An electrode storage section storing the electrodes in a stacked state; and
An adsorption device for adsorbing the uppermost electrode among the electrodes accommodated in the electrode accommodating portion;
A lifting device for lifting and lowering the adsorption device;
A laminate table in which electrodes of different poles are laminated with a separator interposed therebetween to form a laminate,
The electrode has an active material layer on at least one surface of the metal foil, and has an uncoated portion where the metal foil is exposed on the surface having the active material layer.
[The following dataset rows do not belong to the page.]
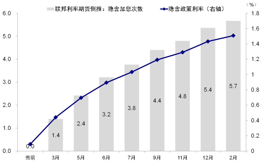 此外,市场对于美联储紧缩的预期也有所升温。1月FOMC会议基本给出了3月加息的明确信号,同时暗示缩表可能很快到来(例如3月FOMC会议上给出具体缩表路径),但是鲍威尔在新闻发布会上有关加息节奏和幅度等关键问题上避而不谈给了市场以“遐想空间”,因此一定程度上又造成了预期的混乱,甚至3月一次加息50bp的预期也无法被完全证伪。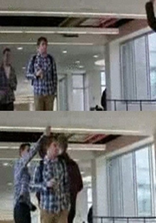 그러나 다가오던 남성은 자신이 아닌 뒤편에 있던 남성에게 하이파이브를 건넸고 이에 체크무늬 셔츠를 입은 남성은 민망한 웃음을 지으며 머쓱해 하는 모습을 보인다.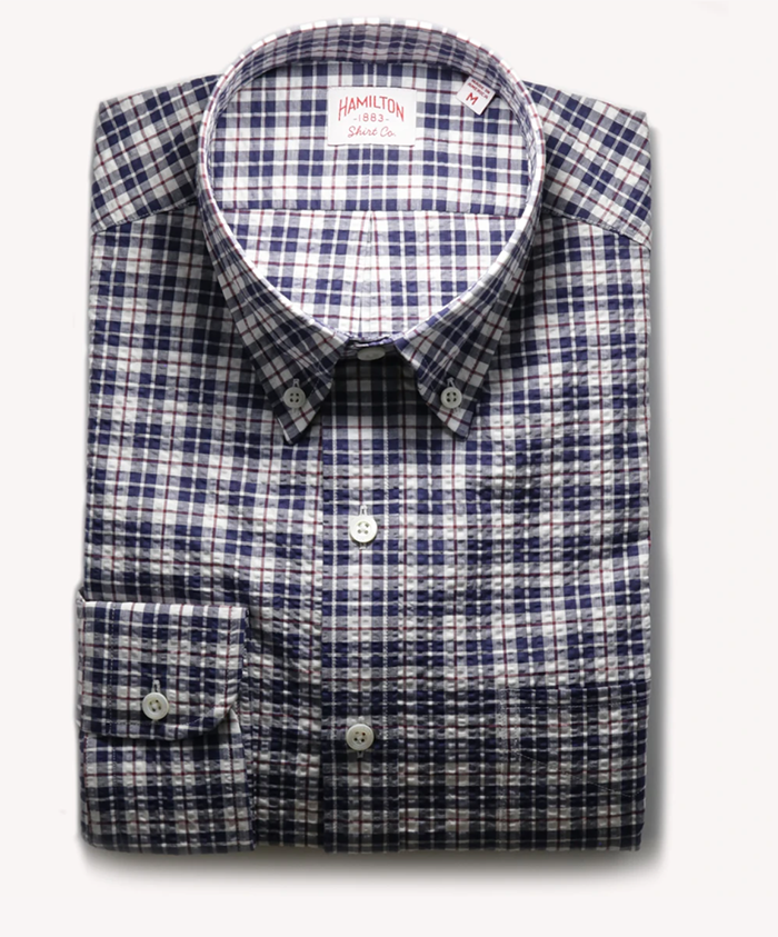Hamilton sport shirt in navy burgundy plaid ($225)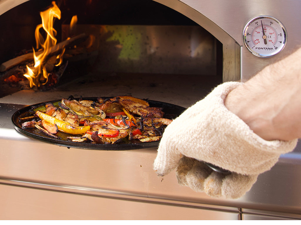 The throw-together quality of chicken fajitas makes the meat dish so popular. While you will find the usual suspects here, including avocado, bell pepper, and onions, we threw in cumin to infuse the olive oil’s flavor, plus ground smoked habanero, one of the hottest spices available. Cooked in our Margherita wood-fired oven, the combination of all these ingredients makes these fajitas muy caliente!

In the electrode storage portion, the uncoated portion The electrodes are stacked in a state where they overlap each other,
Adsorbing the electrode of the electrode storage unit with the adsorption device,
The electrode stacking device that raises the lifting device and lifts the suction device that sucks the electrode, and lowers the lifting device on the stacking table to stack the electrodes on the stacked body,
An electrode stacking apparatus comprising: an air jetting device capable of blowing air from above the uncoated portion of the electrode adsorbed by the suction device from above the uncoated portion in the electrode storage portion. .   2. The electrode stacking apparatus according to claim 1, wherein the uncoated portion includes a tab protruding from one side of the uncoated portion, and the air injection device blows air onto the tab.   3. The air injection device according to claim 2, wherein if the direction in which the tab protrudes from one side of the uncoated part is defined as the protruding direction of the tab, the air injection device blows air to the tip of the tab along the protruding direction. Electrode stacking device.   The said air injection apparatus is an electrode lamination apparatus as described in any one of Claims 1-3 which injects air along the descent | fall direction of the said raising / lowering apparatus. An electrode having an active material layer on at least one surface of the metal foil and having an uncoated portion where the metal foil is exposed on the surface having the active material layer is laminated in a state where the uncoated portions overlap each other. Stored in the storage section,
Adsorb the uppermost electrode among the electrodes stored in the electrode storage unit with an adsorption device,
A method for obtaining an electrode, wherein air is blown from above the uncoated portion in the electrode storage portion to the uncoated portion of the electrode adsorbed by the adsorption device.